- Date: February 6, 2017 – September 30, 2019 (2 years, 7 months, 3 weeks and 3 days)
- Location: Philippines
- Caused by: Government's plan to phase out jeepneys over 15 years old
- Goals: Stop the government's plan and pursue modernization in line with national industrialization^{[citation needed]}
- Methods: Protest, strike action

Parties
| Jeepney transport groups Pinagkaisang Samahan ng mga Tsuper at Operators Nationwide (PISTON); Stop and Go Coalition; No to Jeepney Phase Out Coalition; | Government of the Philippines Department of Transportation Land Transportation Franchising and Regulatory Board; Philippine National Police Metropolitan Manila Development Authority |

Lead figures
- Non-centralized leadership Rodrigo Duterte Arthur Tugade Martin Delgra III

= 2017–2019 transport strikes in the Philippines =

Series of strikes and protests in the Philippines

The 2017–2019 Philippine jeepney drivers' strike was a series of protest and strike action staged by jeepney drivers in the Philippines to oppose the government's plan to phase out jeepneys over 15 years old. The strike, which started on February 6, caused hundreds of passengers to be stranded and prompted universities, cities, and towns to suspend classes. Part of the protest is to forward an alternative on modernization based upon national industrialization and not corporate takeover.

==Protests==
===2017===
==== Suspension of classes ====
Afternoon classes in the cities of Manila, Malabon, and Pasay were suspended. Classes in Adamson University, Colegio de San Juan de Letran, De La Salle University, Far Eastern University, National University, University of the Philippines Manila, and University of Santo Tomas were also suspended.
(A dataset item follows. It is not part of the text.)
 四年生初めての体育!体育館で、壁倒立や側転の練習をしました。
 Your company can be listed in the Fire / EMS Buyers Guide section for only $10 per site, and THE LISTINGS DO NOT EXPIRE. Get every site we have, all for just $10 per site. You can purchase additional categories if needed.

==== Suspension of classes ====
On the evening of February 26, Malacañang Palace, through the Office of the Executive Secretary, suspended the classes for elementary and secondary levels in Metro Manila. Several universities, cities and towns—such as Makati, Iloilo City, Talisay, Cebu, Mandaue, Navotas, Pateros, Cainta, Parañaque, Taytay, Valenzuela, Bacolod, and Antipolo—have suspended classes.

==== October 16–17 ====
On October 15, 2017, Malacañang announced that classes and government work were suspended throughout the Philippines on the second day of strike, October 17, 2017, due to the third strike.
The Metropolitan Manila Development Authority (MMDA) suspended the enforcement of the Unified Vehicular Volume Reduction Program (UVVRP), known as the number coding scheme on October 17, 2017, the second day of the strike.
The Department of Foreign Affairs (DFA) announced that its consular offices closed on the first day of strike, October 16, 2017.

===2018===
====March 19====
On March 19, 2018, PISTON held the fourth protest against the jeepney modernization.

=====Suspension of classes=====
Malacañang announced that classes suspended throughout Metro Manila on March 19, 2018, due to the strike.

====June 25====
On June 25, 2018, Piston held the fifth protest against the jeepney modernization.
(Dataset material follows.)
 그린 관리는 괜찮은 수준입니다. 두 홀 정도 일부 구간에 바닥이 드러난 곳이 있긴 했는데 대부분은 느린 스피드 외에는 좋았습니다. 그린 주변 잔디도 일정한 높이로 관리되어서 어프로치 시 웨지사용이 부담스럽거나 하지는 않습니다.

=====Suspension of classes=====
Albay Governor Al Francis Bichara announced on June 22 that classes suspended in some portions of Albay due to the strike on June 25.

===2019===
====September 30====
On September 30, 2019, Piston held the sixth protest against the jeepney modernization.

=====Suspension of classes=====
Classes are suspended in several areas in the Philippines due to the strike.